Assignment:
With the pictures left out, transcribe exactly the lines from the one with "Подвеска (585) корунд" through the end of the data.

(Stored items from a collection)
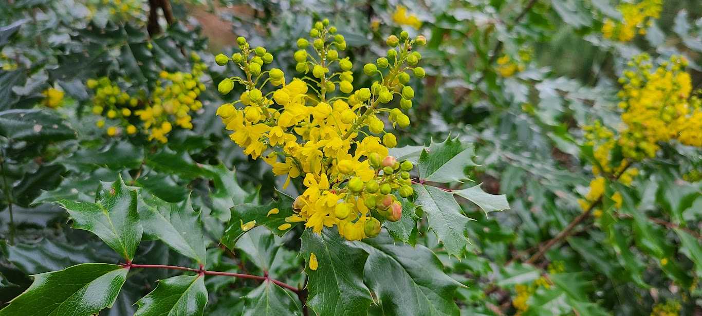 Oregon Grape (Mahonia aquifolium) is a evergreen shrub native to the Pacific Northwest coastal regions. These versatile shrubs are identified by its green stiff leaves that resemble leaves of a holly bush. The plant flowers in late winter/early spring with showy yellow flowers. The roots and stems of the plants are also yellow when cut. The shrub produces purple blue fruits that resemble clusters of grapes. This shrub is a great resource for both people and wildlife. The shrub is used by humans as a food source and natural dye. The shrub also provide great resources for wildlife.
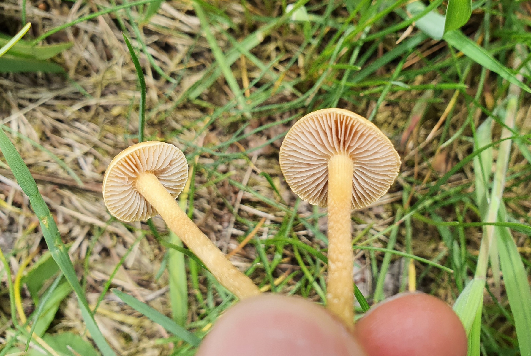2. Wieder auf einer Wiese gefunden. Das schwarze Sporenpulver und die (für mich) nestreifen Lamellen sprechen für einen Düngerling. Dazu gibt es einen hohlen Stiel und einen glatten/hygrophanen/nicht ausbleichenden Hut. Optisch kommt der Heudüngerling in Frage. Allerdings ist der Stiel hier nicht braun, sondern hell...
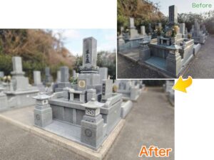 当初は草刈りもお手伝いするお話がありましたが、「最後は自分たちの手できれいにして送り出したい」と、お客様ご家族で草刈りをしてくださいました。とても立派な和型墓石で、山口県産の銘石 徳山石で建てられていました。現地確認を行ってお見積りを差し上げ、工事をお任せいただけることになりました。
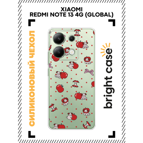 Чехол на Xiaomi Redmi Note 13 4G (Global) / Сяоми Редми Нот 13 4G с принтом Собачки и яблоки, прозрачный
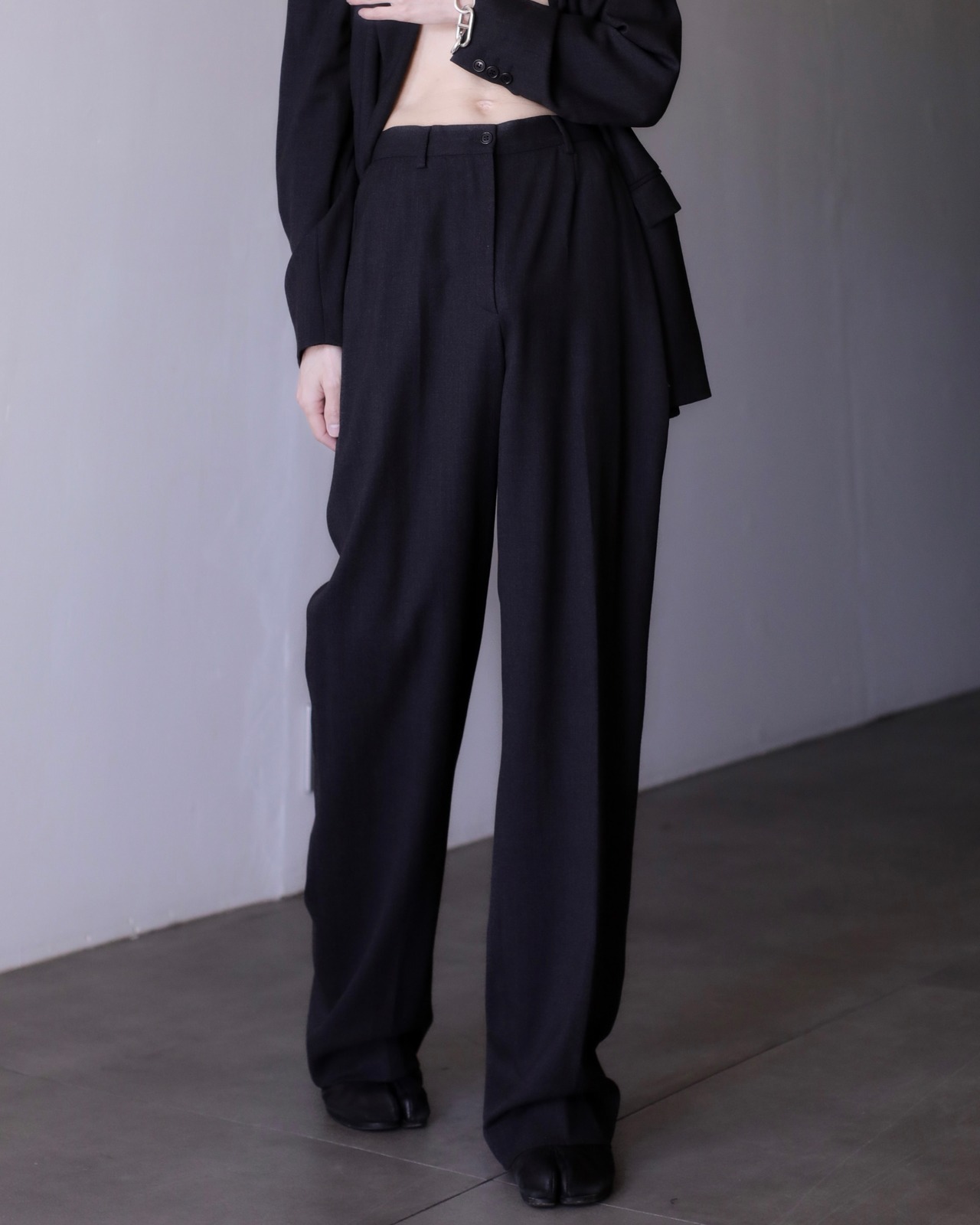 裾幅26cmのちゃんとボリュームのあるワイドストレートシルエットでジャケットともバランスが完璧なんです。
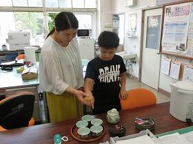 昨日から今日にかけて、いろいろな出来事がありました。まずは、昨日児童数1名の5年生が家庭科でお茶入れの実習を行いました。通常は、家庭科室で実施しますが、1名ということで、今回は、職員室の給湯室を利用して実習を行いました。職員室にいらっしゃった先生方に同じ濃さのお茶を出すために慎重にお茶入れをしている姿が高学年ですがかわいらしさを感じました。最後には一人ずつ丁寧にお茶と和菓子を差し出し、先生方にお礼を言っていただいてとても満足そうでした。
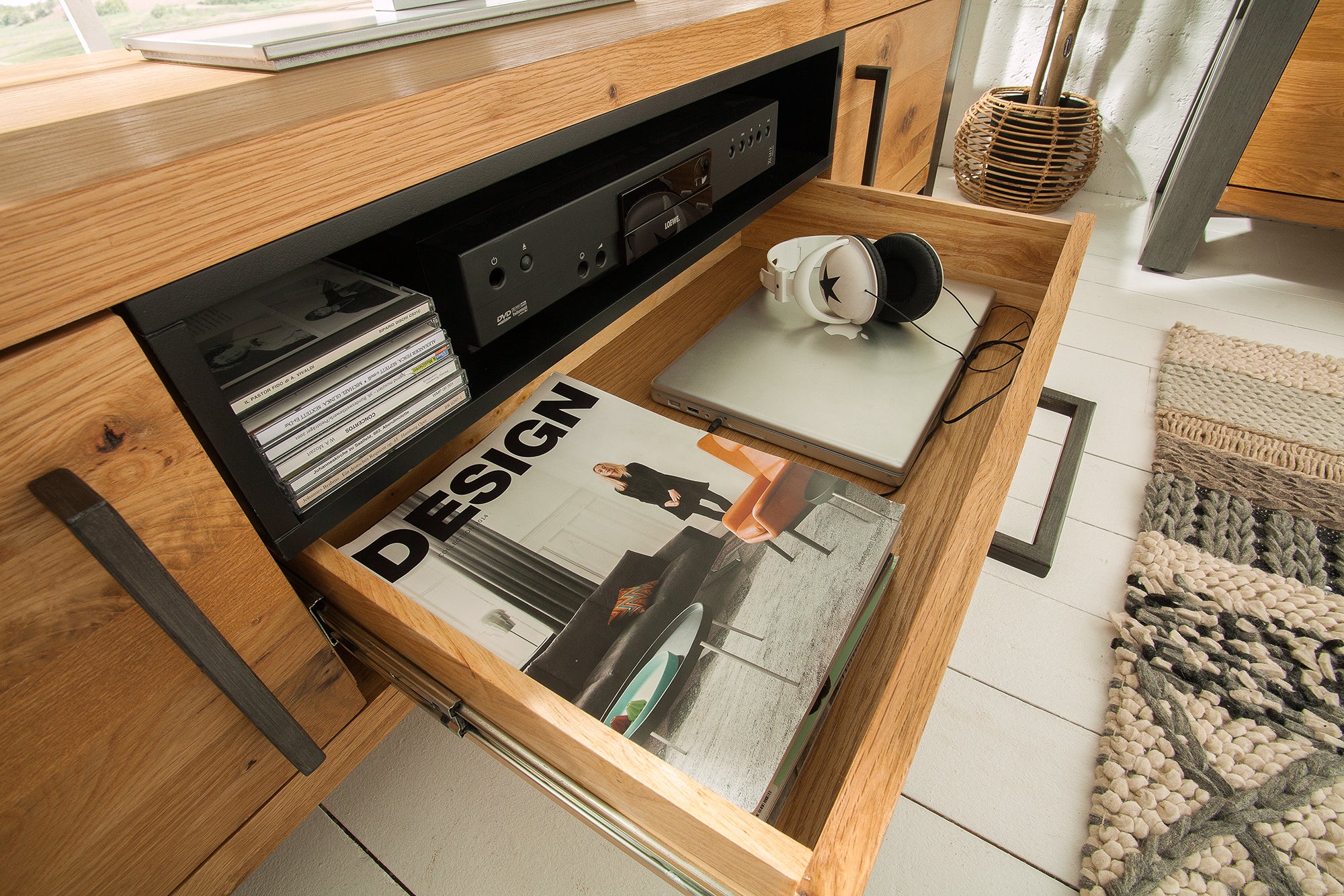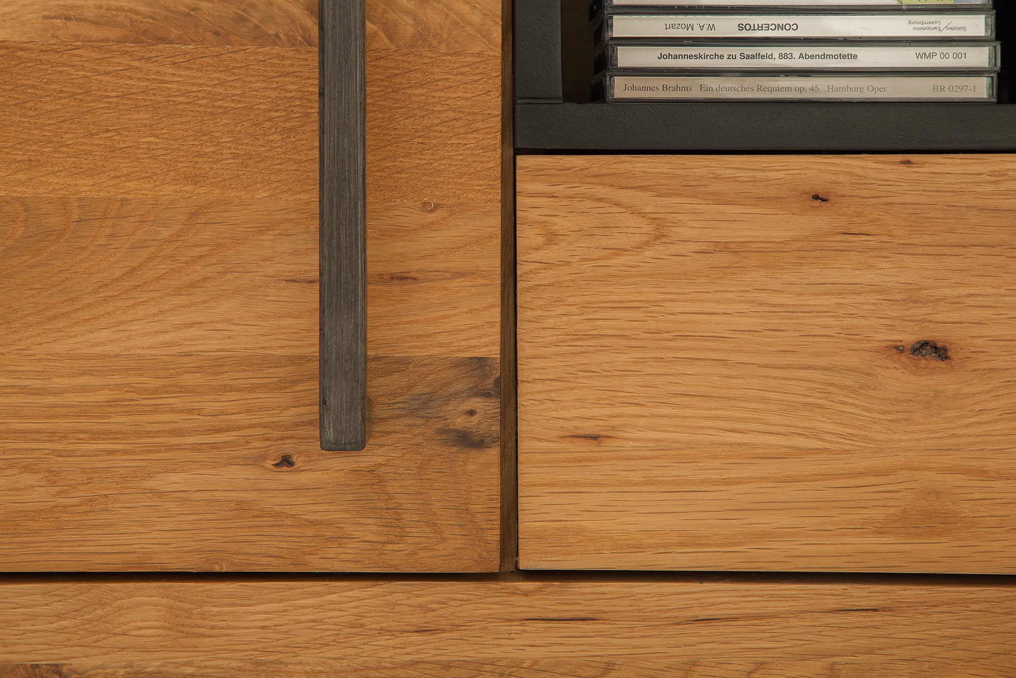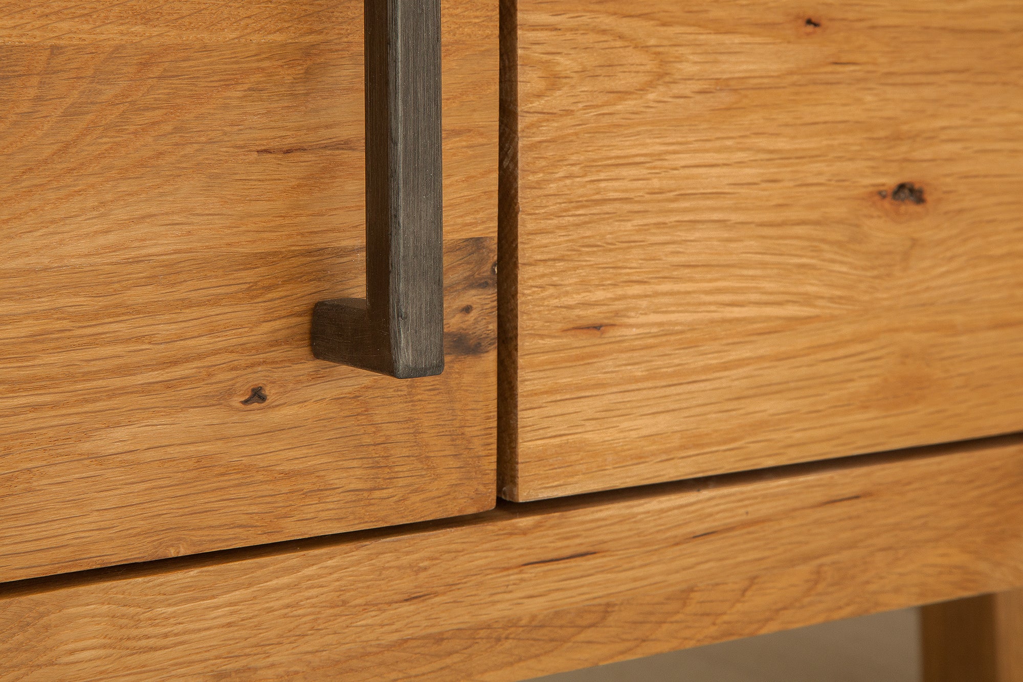 Szafka RTV THOR 200 cm to masywny, industrialny mebel, który łączy naturalne drewno z prostą, surową formą. Front wykonany z litego dębu dzikiego nadaje całości autentyczny wygląd, a olejowane wykończenie podkreśla strukturę słojów i naturalne detale drewna.
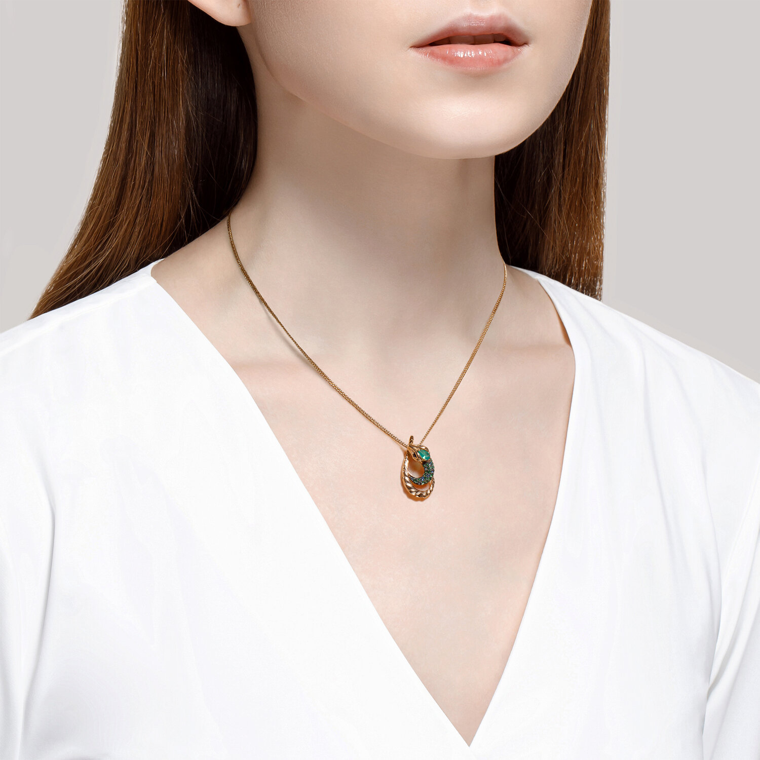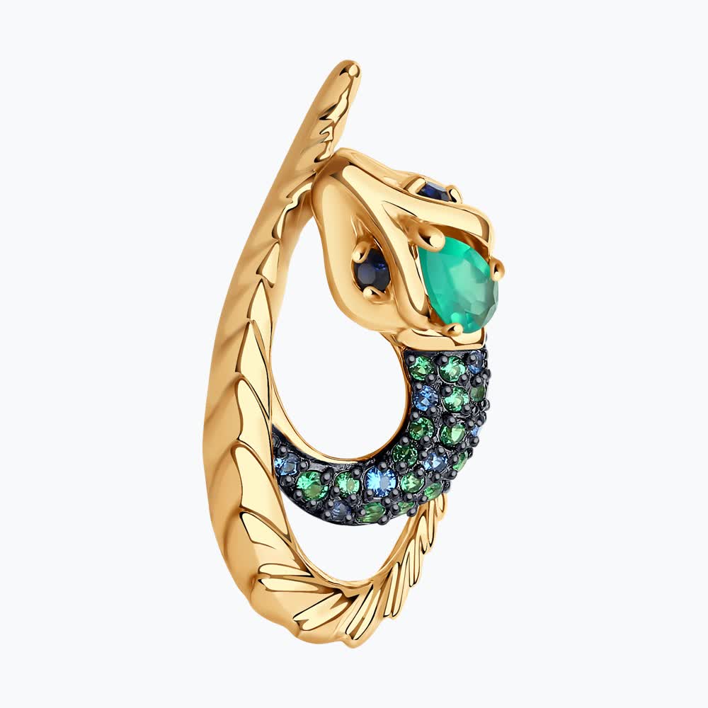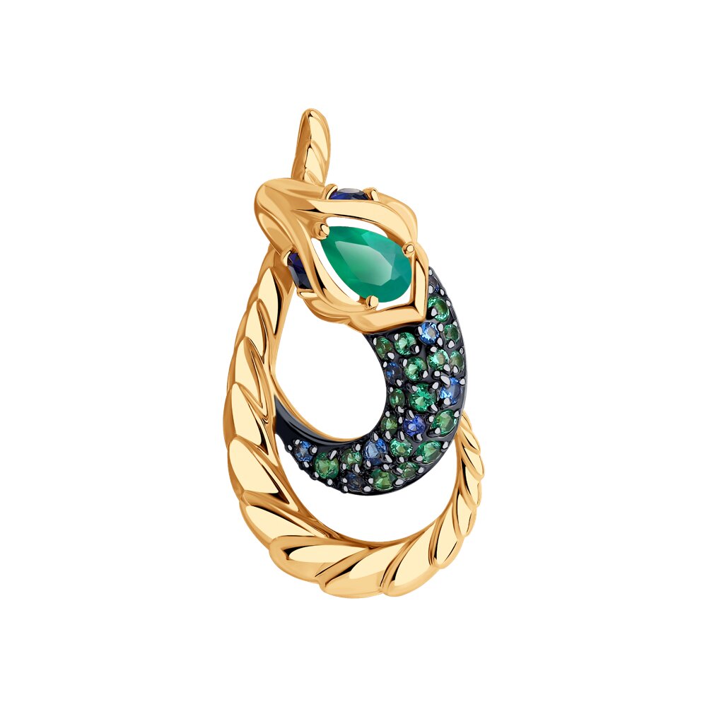 Подвеска (585) корунд сапфир синт., агат, фианит
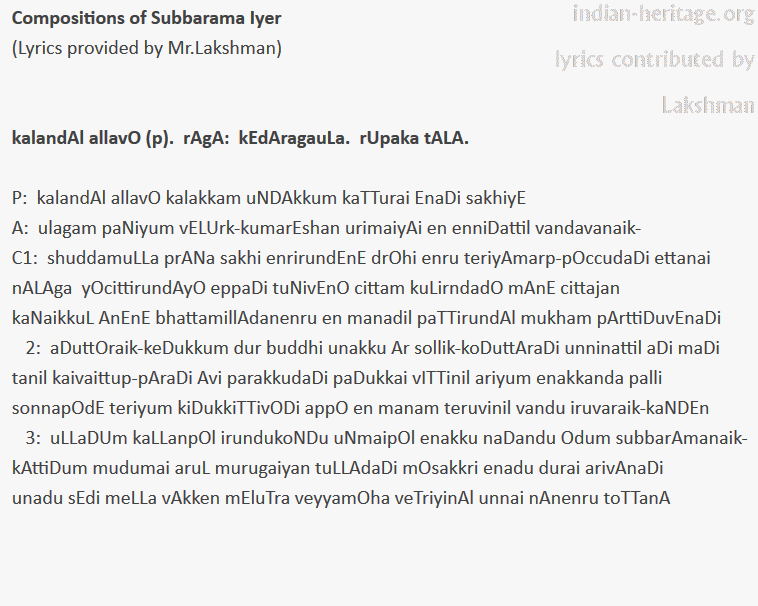 kalandAl allavO (p). rAgA: kEdAragauLa. rUpaka tALA. Subbarama Iyer.
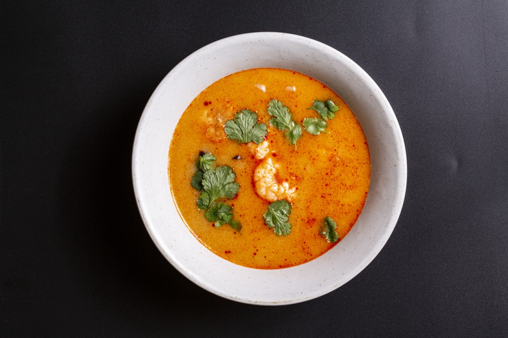 Острый суп на основе куриного бульона и кокосового молока с тигровыми креветками, куриным филе, грибами шиитаке и лапшой харусаме
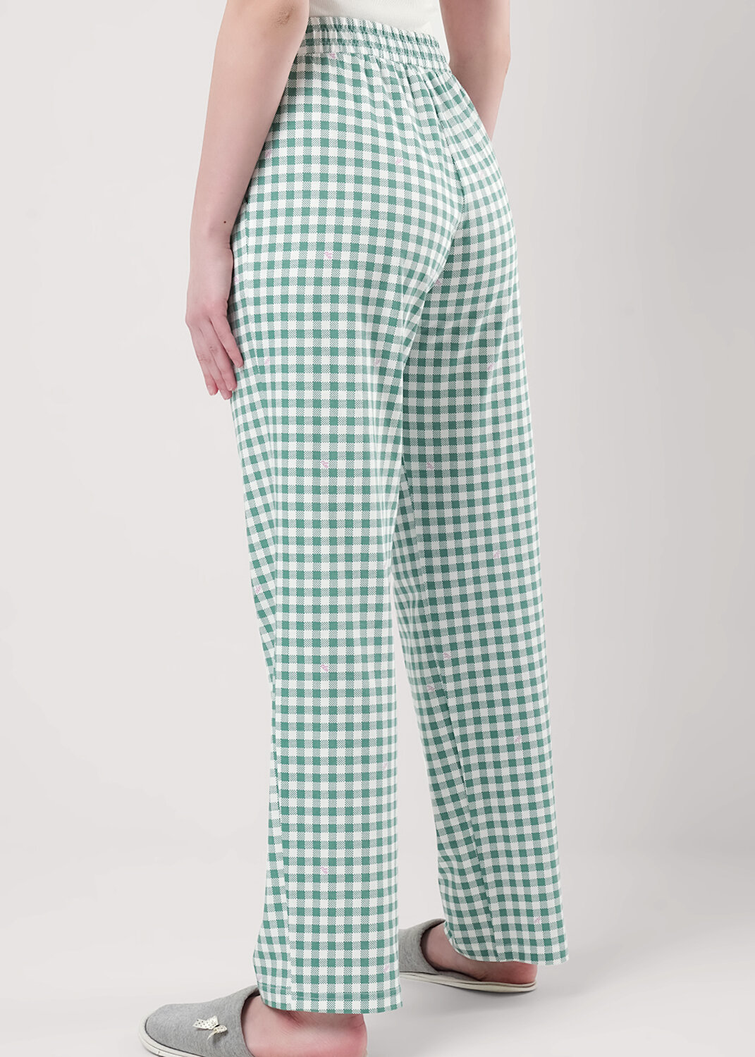 Брюки прямые для дома из хлопкового трикотажного полотна. Пояс на внутренней резинке, боковые карманы с отрезным бочком.
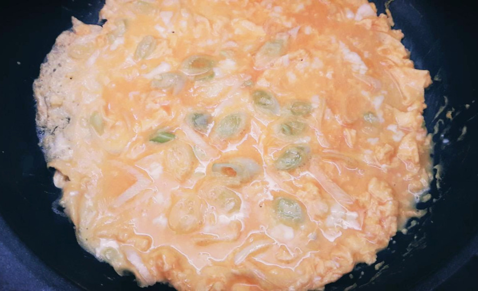 달걀물을 촥 부은 뒤 팬 바닥의 열기가 닿자마자 재빠르게 달걀물이 숨 쉴 수 있는 구멍들을 만들어 주는 것이다. 나무젓가락으로 톡톡 찍으면 된다.(이 행위 자체가 요리 좀 하는 사람 같은, 기분 좋은 느낌이 들게 한다)

Written response:
 Подвеска (585) корунд сапфир синт., агат, фианит
 kalandAl allavO (p). rAgA: kEdAragauLa. rUpaka tALA. Subbarama Iyer.
 Острый суп на основе куриного бульона и кокосового молока с тигровыми креветками, куриным филе, грибами шиитаке и лапшой харусаме
 Брюки прямые для дома из хлопкового трикотажного полотна. Пояс на внутренней резинке, боковые карманы с отрезным бочком.
 달걀물을 촥 부은 뒤 팬 바닥의 열기가 닿자마자 재빠르게 달걀물이 숨 쉴 수 있는 구멍들을 만들어 주는 것이다. 나무젓가락으로 톡톡 찍으면 된다.(이 행위 자체가 요리 좀 하는 사람 같은, 기분 좋은 느낌이 들게 한다)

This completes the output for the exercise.